What you Should Know About Security Token Offering (STO)
Generally, tokens are a representation of some sort of value on a platform they mean that the holders have an access to something non-token holders do not. However not all tokens are created equally, because not all tokens serve the same purpose which is why investors and finance experts like to classify tokens into different types one of which is security tokens. Tokens are acquired by purchase from interested investors during a process known as token offering and when security token are the ones being offered then it is called a Security Token Offering (STO).
As an investor it is important to understand the fundamentals of how tokens are categorized and what will make their tokens a security token because token offerings do not operate outside legal confines and definitions. Which means knowing what a security token offering does helps investors to know what they are entitled to and what is legally expected of them and the platform operators.
What is a security token offering?
Security token offerings are token offerings whereby the token type is recognized legally as a security token and is therefore held in that regard to perform as a security would. This means that as long as it is a security token being offered then the ICO is an STO (security coin offering). Because the token that can be acquired during an ICO serve as securities to their holders that can build profit and be traded for value, it is no wonder that security token offerings get a lot of attention.
What happens during a STO
As expected with other non-crypto securities, during an STO there are certain laws that must be adhered to, these laws protect investors from some risks so that they are just not the only one bearing the risk of the early investment.
Unlike an ICO, STOs do not necessarily have to occur at the initial stage of a platform build, it could happen later of the team of builders are trying to raise capital. However, this method of raising capital makes the token and what happens with it subject to the SEC laws. This infringes on how decentralized the crypto method of raising capital may be.
What happens essentially is that some form of money or asset is traded to acquire the tokens which then entitles the investors to some form of profit in the future in an advent of value growth and as well hold platform owners accountable for every security token sold out during an STO.
Haven understood this it is important to know what exactly may make a token hold up as a security in the eyes of the SEC.
What makes it a security token?
Investors would have noticed the recent popularity of security tokens at the moment as opposed to utility tokens and this is because of what value a security token brings. By definition, a security token is a token that fulfils the criteria of being a security as regards the Howey test.
Sometimes the rules to abide by before you consider a token a security token are not so clear cut because federal laws may differ a little from state laws when it comes to classifying tokens this is as a result of something referred to as Blue Sky laws. Nonetheless the Howey test states that the following criteria must be fulfilled for an entity to be classified as a security:
- The token must be an investment of money or assets
- The investment made must be in a common enterprise.
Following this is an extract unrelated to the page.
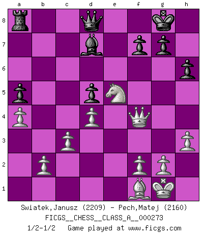 Last move : 1/2-1/2 2024 June 17 1:8:44 [Event "FICGS__CHESS__CLASS_A__000273"] [Site "FICGS"] [Date "2023.09.23"] [Round "1"] [White "Swiatek,Janusz"] [Black "Pech,Matej"] [Result "1/2-1/2"] [WhiteElo "2209"] [BlackElo "2160"] 1.e4 e5 2.Nf3 Nc6 3.Bb5 Nf6 4.O-O Nxe4 5.Re1 Nd6 6.Nxe5 Be7 7.Bf1 Nxe5 8.Rxe5 O-O 9.d4 Bf6 10.Re1 Nf5 11.c3 d5 12.Nd2 c6 13.a4 a5 14.Nf3 Nd6 15.Bf4 Bf5 16.h3 h6 17.Qb3 Be4 18.Nd2 Bg6 19.Nf3 Be4 20.Ne5 Re8 21.Re2 Be7 22.Rae1 Bg5 23.Bg3 Bf5 24.Nf3 Rxe2 25.Rxe2 Be7 26.Bxd6 Bxd6 27.Qxb7 Rb8 28.Qa6 Ra8 29.Qb7 Rb8 30.Qxc6 Rc8 31.Qb7 Rb8 32.Qa6 Ra8 33.Qc6 Rc8 34.Qb5 Rb8 35.Qa6 Ra8 36.Re8+ Qxe8 37.Qxd6 Qd8 38.Qf4 Bd7 39.Ne5 1/2-1/2 Follow this game move after move (download)When in doubt... play Chess ! (Tevis) Schon mancher Spieler hat aufgegeben, um zu vermeiden, daß er eine Figur verliert. (Savielly Grigorievitsch Tartakower) El jugador táctico sabe que hacer cuando hay algo que hacer; mientras que el estratega sabe que hacer cuando no hay nada que hacer. (Gerald Abrahams) 'L'échange des dames est un coup dur pour les deux adversaires...' Un journaliste lors d'une partie du match Spassky-Fischer It's only after you lost everything, Tyler says, that you're free to do anything. (Chuck Palahniuk, Fight Club)

- There must be an expectation of profit from work done.
These three criteria must be met for a token to be considered a security token.
Why crypto enthusiastsare weary about the STO
With what happens during an STO it is understandable that some crypto enthusiasts are not very welcoming of the idea and the laws and perceived restrictions that come with it. This is because one of the strongest points of cryptocurrency value is the fact that it operates on a decentralized blockchain-run platform also on the anonymity that it is able to afford investors.
However, with the SECs involvement enthusiast fear that some of that may be lost. However, while that is not totally true STOs still remain to be a valuable andtrusted investment alternative because of the amount of security to investment it provides which is good news to both investors and smart contract designers alike.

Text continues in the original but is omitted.